À titre exceptionnel

La Municipalité de Moudon lui a répondu que «seule la couleur «gris foncé» pour les stores et les garde-corps a été autorisée», son service technique ajoutant dans son rapport que «les teintes sont certes jeunes, pimpantes et apportent peut-être de la gaîté sur le site, mais malheureusement n’ont pas leur place à cet endroit». Pourtant, lors d’une séance organisée le 18 décembre, la Municipalité a accepté «à titre exceptionnel, le maintien de la teinte des garde-corps des balcons». Une décision dont elle n’a pas informé les propriétaires du château de Billens.

Malgré plusieurs rappels des châtelains début 2018 au sujet de l’affaire, ce n’est finalement que le 2 mai que la Municipalité leur a remis divers procès-verbaux de séances. Elle annonçait en même temps à la société coopérative qu’elle allait réexaminer la situation. Mais malgré un préavis négatif du Service immeubles, patrimoine et logistique du canton (Sipal), qui stipulait que «les teintes choisies sont peu intégrées au site et forment une intervention en complète rupture, voire antinomie, avec le château», la Municipalité confirmait son autorisation le 31 mai.
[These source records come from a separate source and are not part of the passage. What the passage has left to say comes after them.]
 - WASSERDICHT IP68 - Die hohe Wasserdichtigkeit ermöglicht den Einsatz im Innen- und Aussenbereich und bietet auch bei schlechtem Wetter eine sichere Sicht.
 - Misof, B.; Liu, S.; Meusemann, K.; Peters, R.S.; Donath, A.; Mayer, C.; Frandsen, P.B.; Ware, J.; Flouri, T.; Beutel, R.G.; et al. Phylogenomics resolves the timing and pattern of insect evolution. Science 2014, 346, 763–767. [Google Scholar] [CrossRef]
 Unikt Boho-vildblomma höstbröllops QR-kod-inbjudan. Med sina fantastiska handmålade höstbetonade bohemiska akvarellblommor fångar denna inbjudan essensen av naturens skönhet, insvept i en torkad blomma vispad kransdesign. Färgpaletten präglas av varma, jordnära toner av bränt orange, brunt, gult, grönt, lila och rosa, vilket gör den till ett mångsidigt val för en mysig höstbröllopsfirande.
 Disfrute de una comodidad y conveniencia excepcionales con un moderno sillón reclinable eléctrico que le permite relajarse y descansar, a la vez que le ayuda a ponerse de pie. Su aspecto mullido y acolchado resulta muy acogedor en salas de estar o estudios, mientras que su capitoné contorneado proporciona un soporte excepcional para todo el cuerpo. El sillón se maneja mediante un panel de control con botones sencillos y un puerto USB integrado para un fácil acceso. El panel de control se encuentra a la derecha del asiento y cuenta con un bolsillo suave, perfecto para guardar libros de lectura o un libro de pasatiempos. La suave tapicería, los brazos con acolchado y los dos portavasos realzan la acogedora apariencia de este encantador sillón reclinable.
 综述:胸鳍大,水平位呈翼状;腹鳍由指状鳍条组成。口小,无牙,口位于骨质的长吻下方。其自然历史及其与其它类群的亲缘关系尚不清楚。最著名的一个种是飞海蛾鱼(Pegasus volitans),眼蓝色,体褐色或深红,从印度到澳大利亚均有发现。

D’où le recours des propriétaires. «Nous avions pas mal d’arguments sur l’esthétique auxquels la Cour a été sensible, poursuit l’avocate Feryel Kilani. Non seulement, les couleurs en questions sont en violation claire du règlement des constructions de Moudon, mais tant le Sipal que le technicien communal trouvaient ce choix catastrophique.» Lors d’une inspection sur place, le tribunal a noté que les couleurs retenues ne sont pas seulement insolites, notamment par rapport au gris de la façade, mais qu’elles ne s’harmonisent pas avec celles des constructions environnantes.
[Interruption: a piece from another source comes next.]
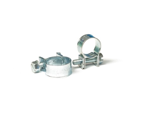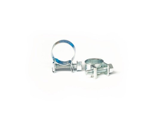 Zestaw ocynkowanych opasek zaciskowych mini skręcanych śrubą.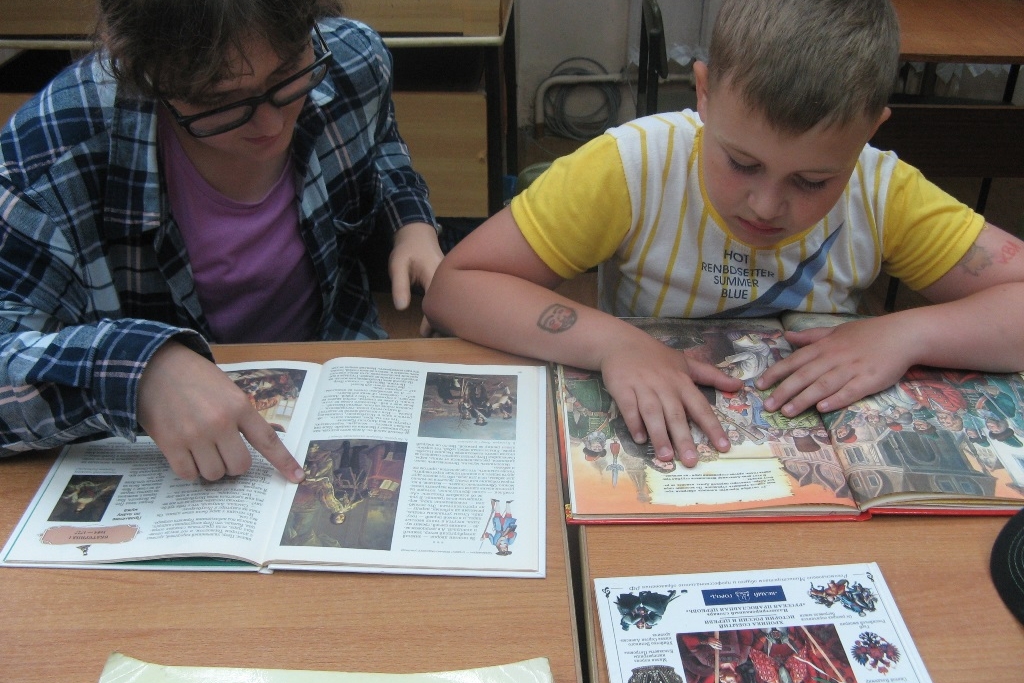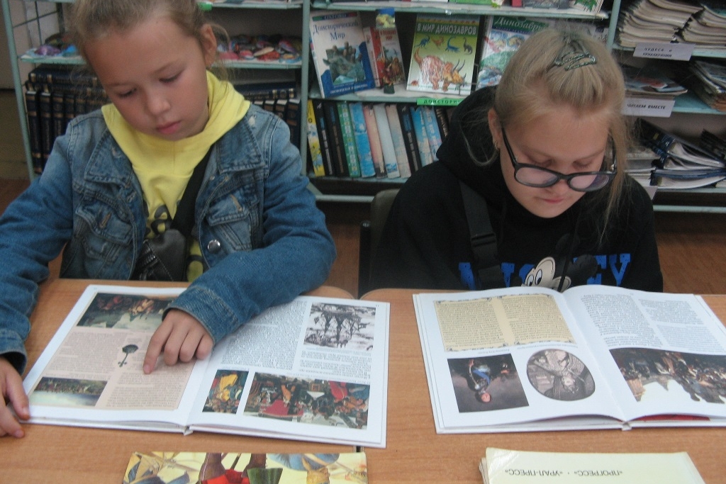 Ребята с интересом рассматривали красочные исторические издания, понравившиеся книги взяли почитать домой.

«Lorsqu’on observe le château de Billens avec, en arrière-plan, la façade du bâtiment de la société coopérative, le regard est attiré par les plaques métalliques roses et violettes, détonant fortement avec les teintes claires des façades du château», relate encore le président, André Jomini.

Mère et fils concernés

Face à un investissement de l’ordre de 10'000 à 11'000 francs, qualifié de «frais pas excessifs à supporter», le recours des voisins a donc été admis sur le fond. La Cour n’a ainsi pas analysé les autres griefs des recourants sur la forme. Notamment le fait que le municipal moudonnois en charge des Constructions soit le fils de l’administratrice de la coopérative, qui a proposé les couleurs retenues.
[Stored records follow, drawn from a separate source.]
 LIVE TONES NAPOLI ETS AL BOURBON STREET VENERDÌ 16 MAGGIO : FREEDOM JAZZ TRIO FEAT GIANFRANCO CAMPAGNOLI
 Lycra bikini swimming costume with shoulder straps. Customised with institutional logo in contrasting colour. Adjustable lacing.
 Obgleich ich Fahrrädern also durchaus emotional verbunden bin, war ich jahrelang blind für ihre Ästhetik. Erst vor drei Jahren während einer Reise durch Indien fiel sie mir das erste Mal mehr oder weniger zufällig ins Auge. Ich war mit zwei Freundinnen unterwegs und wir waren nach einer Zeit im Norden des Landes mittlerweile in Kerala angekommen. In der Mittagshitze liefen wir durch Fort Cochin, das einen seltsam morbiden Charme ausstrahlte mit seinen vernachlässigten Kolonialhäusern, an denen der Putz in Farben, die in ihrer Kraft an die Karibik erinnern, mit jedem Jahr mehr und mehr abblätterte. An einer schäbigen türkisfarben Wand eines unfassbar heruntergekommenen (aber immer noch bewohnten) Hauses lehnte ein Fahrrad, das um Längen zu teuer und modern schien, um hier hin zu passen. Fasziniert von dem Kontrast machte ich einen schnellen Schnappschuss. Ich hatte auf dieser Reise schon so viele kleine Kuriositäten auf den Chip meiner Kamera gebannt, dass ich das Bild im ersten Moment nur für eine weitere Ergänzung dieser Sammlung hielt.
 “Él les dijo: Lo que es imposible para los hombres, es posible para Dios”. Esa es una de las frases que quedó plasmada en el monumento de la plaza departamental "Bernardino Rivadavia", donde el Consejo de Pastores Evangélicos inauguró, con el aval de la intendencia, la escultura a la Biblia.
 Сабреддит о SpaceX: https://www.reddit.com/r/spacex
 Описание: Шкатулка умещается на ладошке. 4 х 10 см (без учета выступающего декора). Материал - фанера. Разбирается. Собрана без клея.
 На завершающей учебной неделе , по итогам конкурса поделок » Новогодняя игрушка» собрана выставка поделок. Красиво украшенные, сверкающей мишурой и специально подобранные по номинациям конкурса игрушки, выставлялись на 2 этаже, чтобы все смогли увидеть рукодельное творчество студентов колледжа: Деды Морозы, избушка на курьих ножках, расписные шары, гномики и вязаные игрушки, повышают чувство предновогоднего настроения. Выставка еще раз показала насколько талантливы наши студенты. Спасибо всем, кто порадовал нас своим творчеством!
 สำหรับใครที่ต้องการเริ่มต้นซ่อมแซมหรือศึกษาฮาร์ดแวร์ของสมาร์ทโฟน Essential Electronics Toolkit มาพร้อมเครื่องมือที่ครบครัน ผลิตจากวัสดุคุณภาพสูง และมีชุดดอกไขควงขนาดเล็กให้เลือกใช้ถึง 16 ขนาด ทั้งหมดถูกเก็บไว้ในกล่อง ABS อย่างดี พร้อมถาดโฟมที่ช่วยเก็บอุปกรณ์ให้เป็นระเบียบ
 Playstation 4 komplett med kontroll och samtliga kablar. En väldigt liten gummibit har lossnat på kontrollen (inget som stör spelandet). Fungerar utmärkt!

À ses frais de remise en état et d’avocat, la société immobilière devra encore ajouter un émolument de 2000 francs pour la Cour et une indemnité de 1500 francs pour les dépens de la partie adverse. Contacté, son président ne prévoit pas de faire appel au Tribunal fédéral: «On ne va pas en faire une maladie, même si cela reste très subjectif. Nous étions 16 pour juger du choix de ces couleurs et il y avait 16 avis différents.»